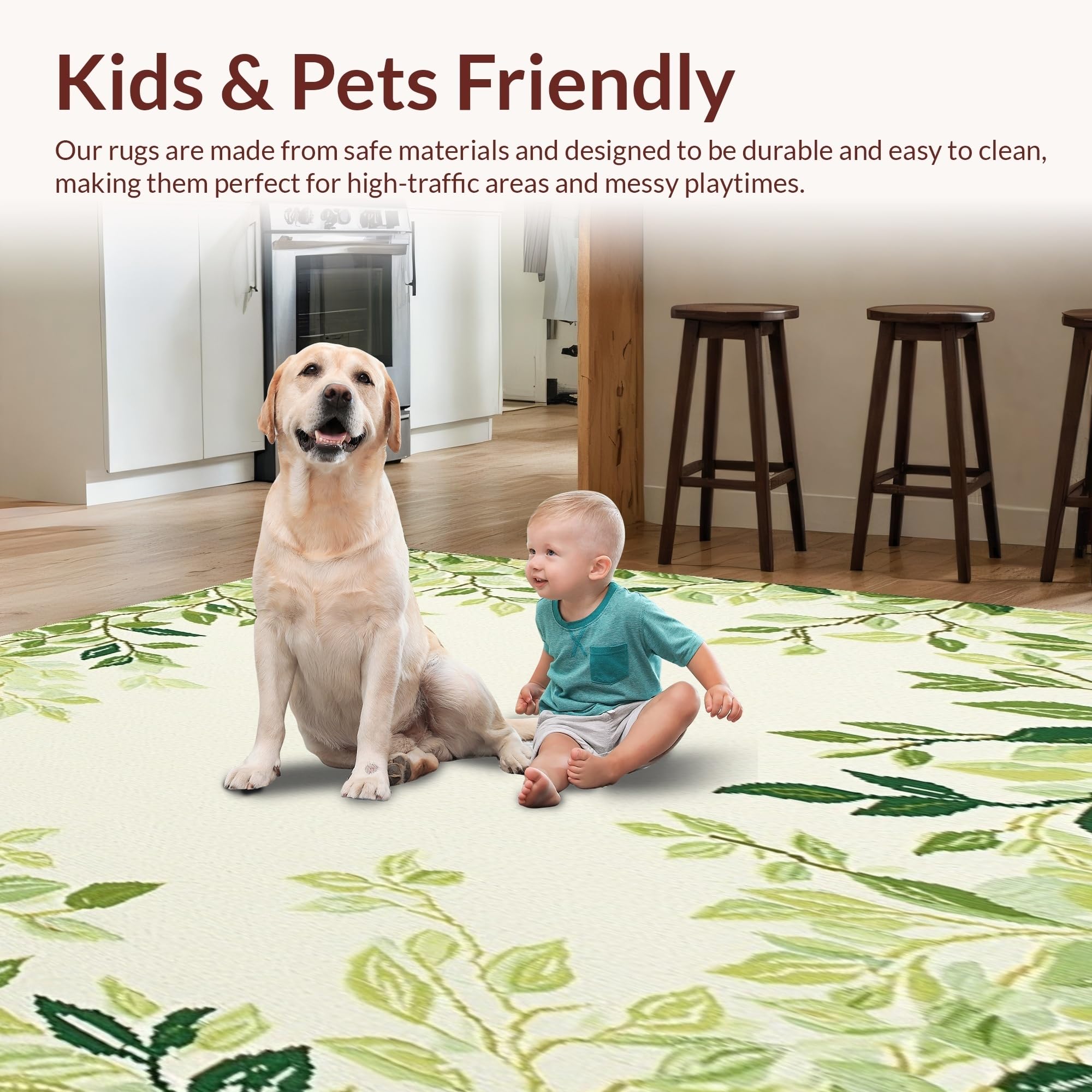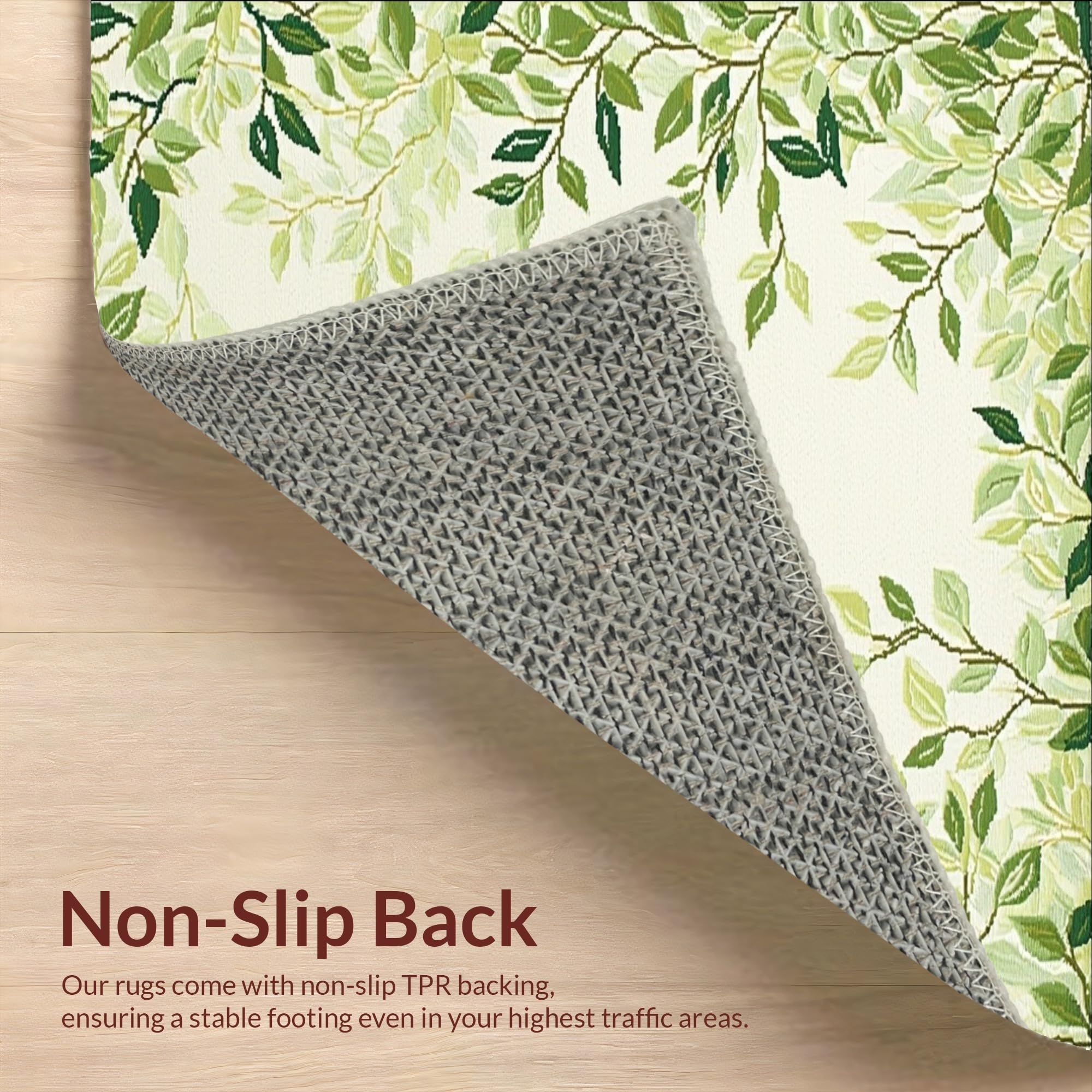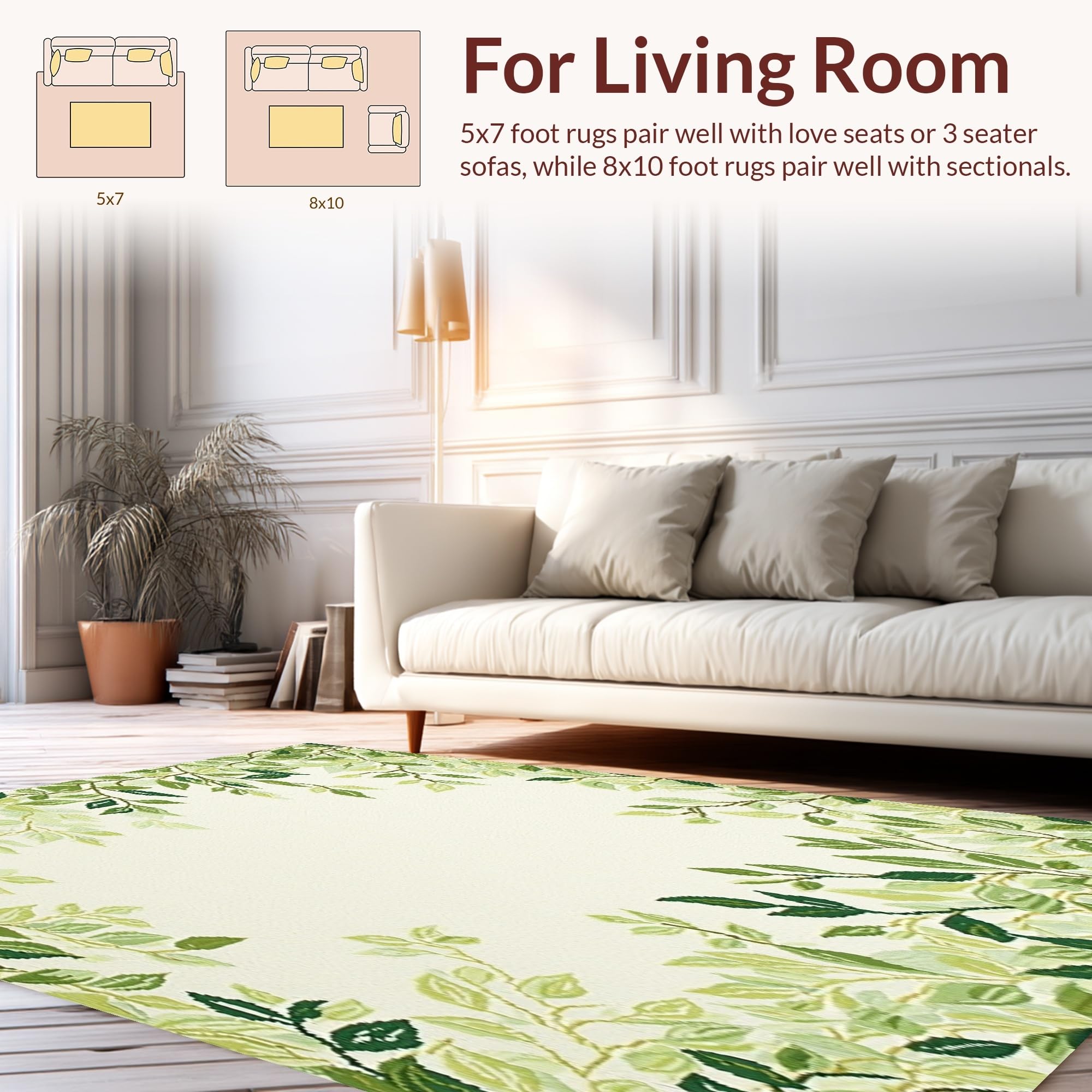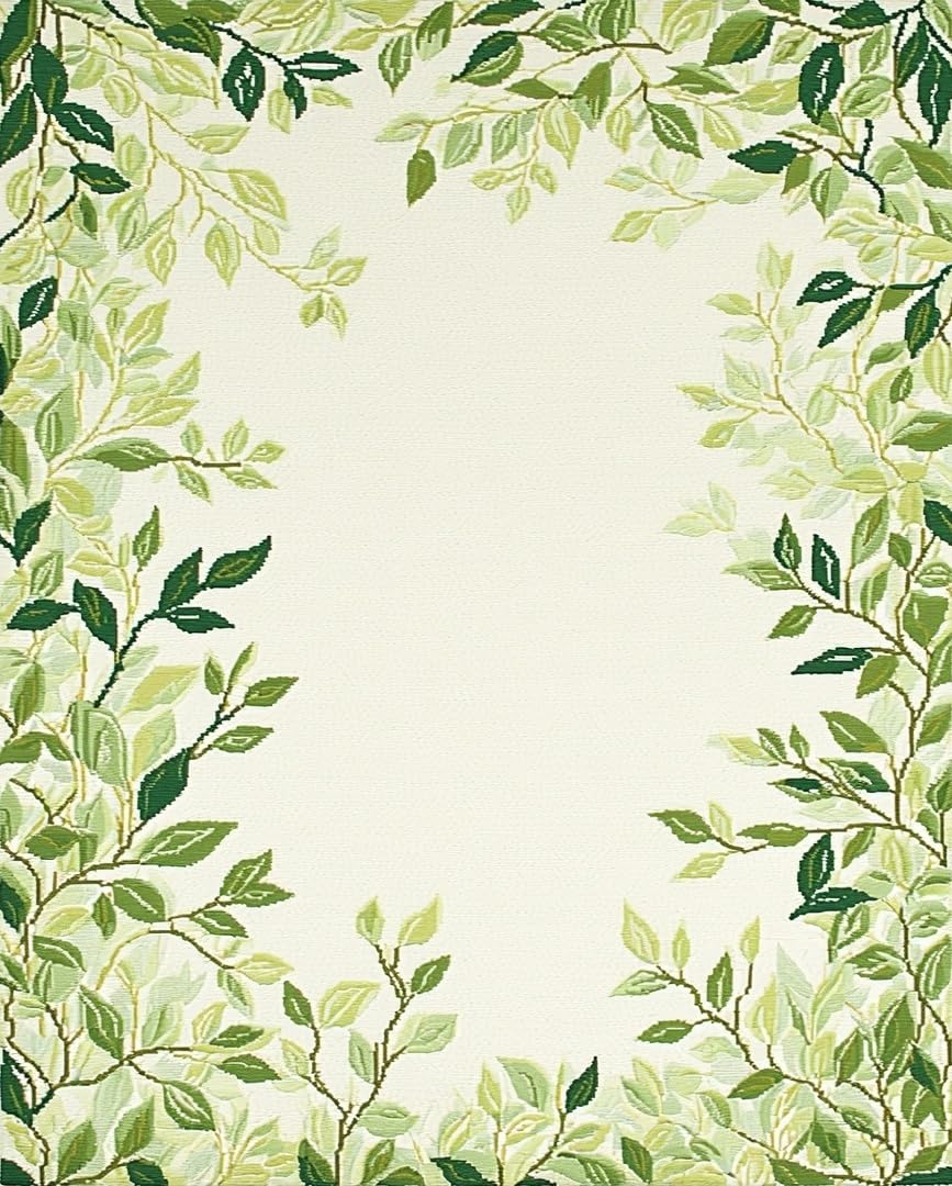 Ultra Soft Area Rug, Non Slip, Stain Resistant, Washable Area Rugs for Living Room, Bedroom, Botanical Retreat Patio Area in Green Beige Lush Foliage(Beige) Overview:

--

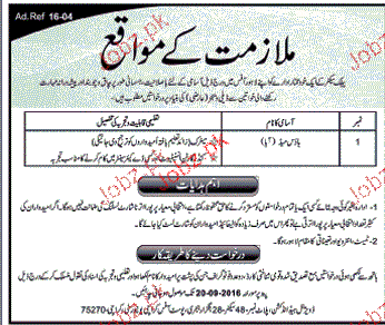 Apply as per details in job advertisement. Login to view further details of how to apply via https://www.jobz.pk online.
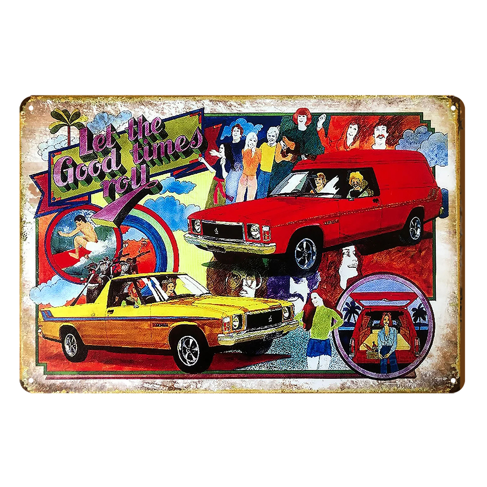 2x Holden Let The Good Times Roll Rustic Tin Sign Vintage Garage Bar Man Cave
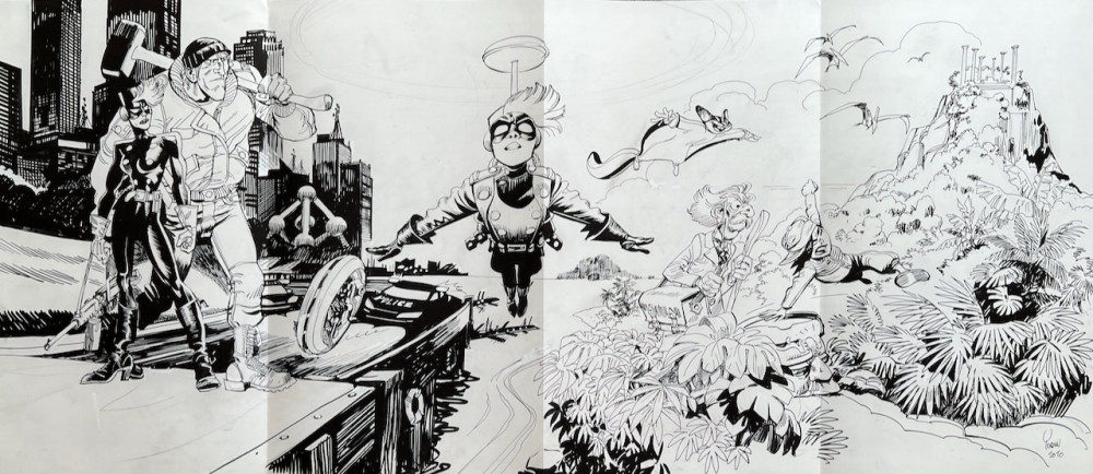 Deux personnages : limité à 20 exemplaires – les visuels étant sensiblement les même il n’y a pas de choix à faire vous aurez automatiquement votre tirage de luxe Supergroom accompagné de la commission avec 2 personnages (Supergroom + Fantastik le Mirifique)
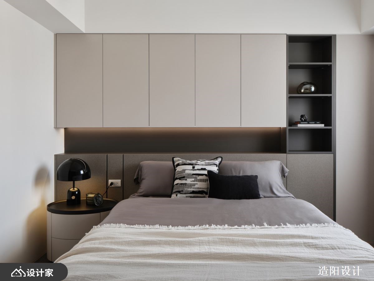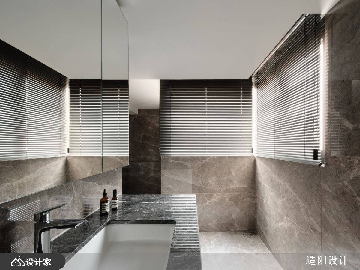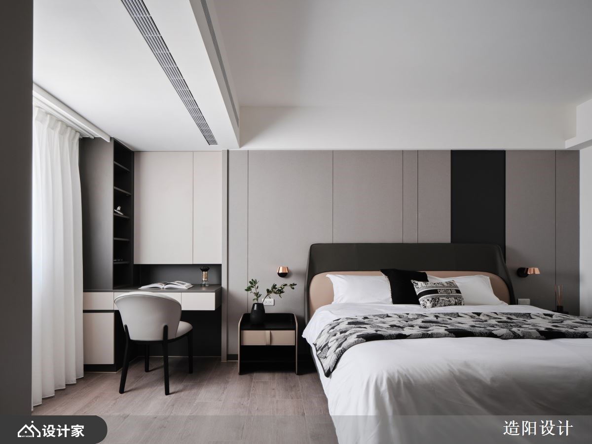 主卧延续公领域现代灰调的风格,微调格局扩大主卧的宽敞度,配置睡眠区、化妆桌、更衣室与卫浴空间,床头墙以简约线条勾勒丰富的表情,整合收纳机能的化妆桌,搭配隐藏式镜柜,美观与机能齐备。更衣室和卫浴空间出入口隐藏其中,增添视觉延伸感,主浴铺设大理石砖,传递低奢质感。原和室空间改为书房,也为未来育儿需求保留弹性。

--

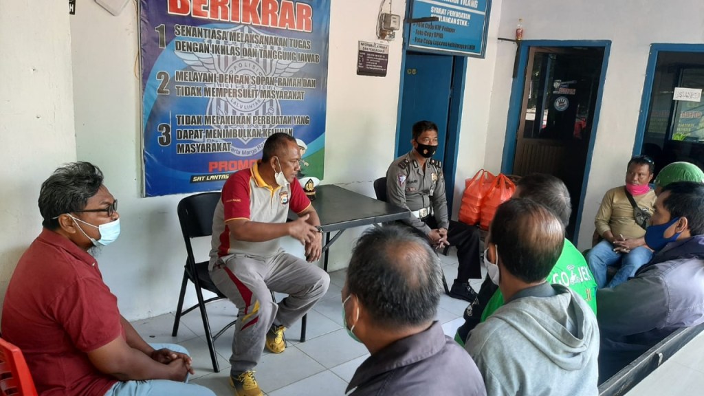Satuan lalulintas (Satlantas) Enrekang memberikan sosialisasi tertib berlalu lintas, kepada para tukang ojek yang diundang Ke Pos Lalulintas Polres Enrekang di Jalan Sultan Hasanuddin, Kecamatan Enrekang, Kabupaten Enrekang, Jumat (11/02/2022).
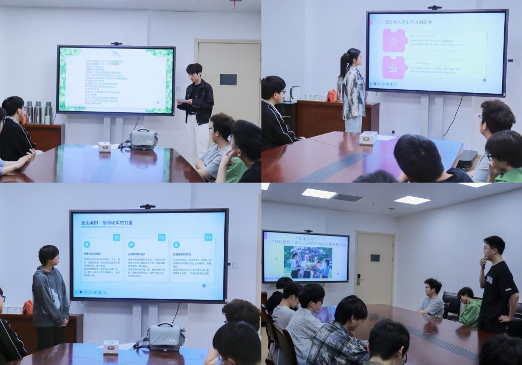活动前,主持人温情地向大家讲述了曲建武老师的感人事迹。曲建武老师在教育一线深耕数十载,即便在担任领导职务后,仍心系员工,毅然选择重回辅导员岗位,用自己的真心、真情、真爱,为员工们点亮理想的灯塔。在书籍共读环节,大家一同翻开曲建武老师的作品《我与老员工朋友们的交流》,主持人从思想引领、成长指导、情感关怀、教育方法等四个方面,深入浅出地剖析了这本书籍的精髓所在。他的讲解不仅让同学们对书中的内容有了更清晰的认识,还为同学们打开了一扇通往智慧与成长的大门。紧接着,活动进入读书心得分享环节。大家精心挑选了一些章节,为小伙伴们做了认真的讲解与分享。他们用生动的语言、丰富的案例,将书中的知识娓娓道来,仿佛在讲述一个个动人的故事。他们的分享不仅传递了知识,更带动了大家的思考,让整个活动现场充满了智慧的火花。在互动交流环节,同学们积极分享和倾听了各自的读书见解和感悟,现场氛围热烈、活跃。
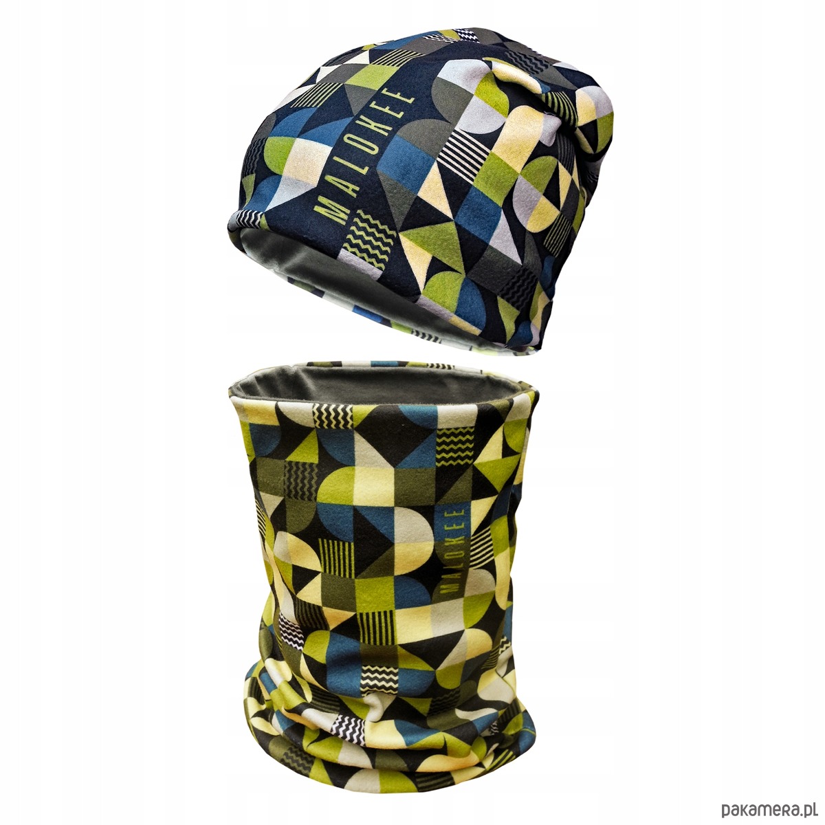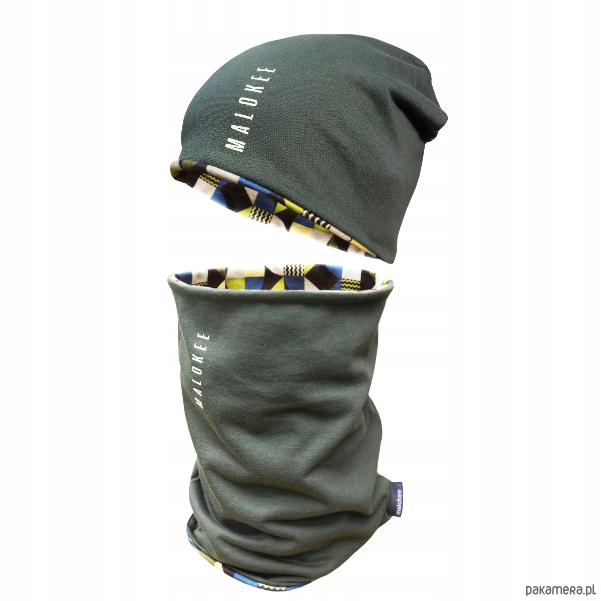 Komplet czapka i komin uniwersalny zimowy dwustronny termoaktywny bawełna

:: EXERCISE DETAILS ::
In the data above, retype only the stretch from the line with "Apply as per" through the line with "Deux personnages : limité", word for word, and skip any pictures.

:: EXERCISE SOLUTION ::
 Apply as per details in job advertisement. Login to view further details of how to apply via https://www.jobz.pk online.
 2x Holden Let The Good Times Roll Rustic Tin Sign Vintage Garage Bar Man Cave
 Deux personnages : limité à 20 exemplaires – les visuels étant sensiblement les même il n’y a pas de choix à faire vous aurez automatiquement votre tirage de luxe Supergroom accompagné de la commission avec 2 personnages (Supergroom + Fantastik le Mirifique)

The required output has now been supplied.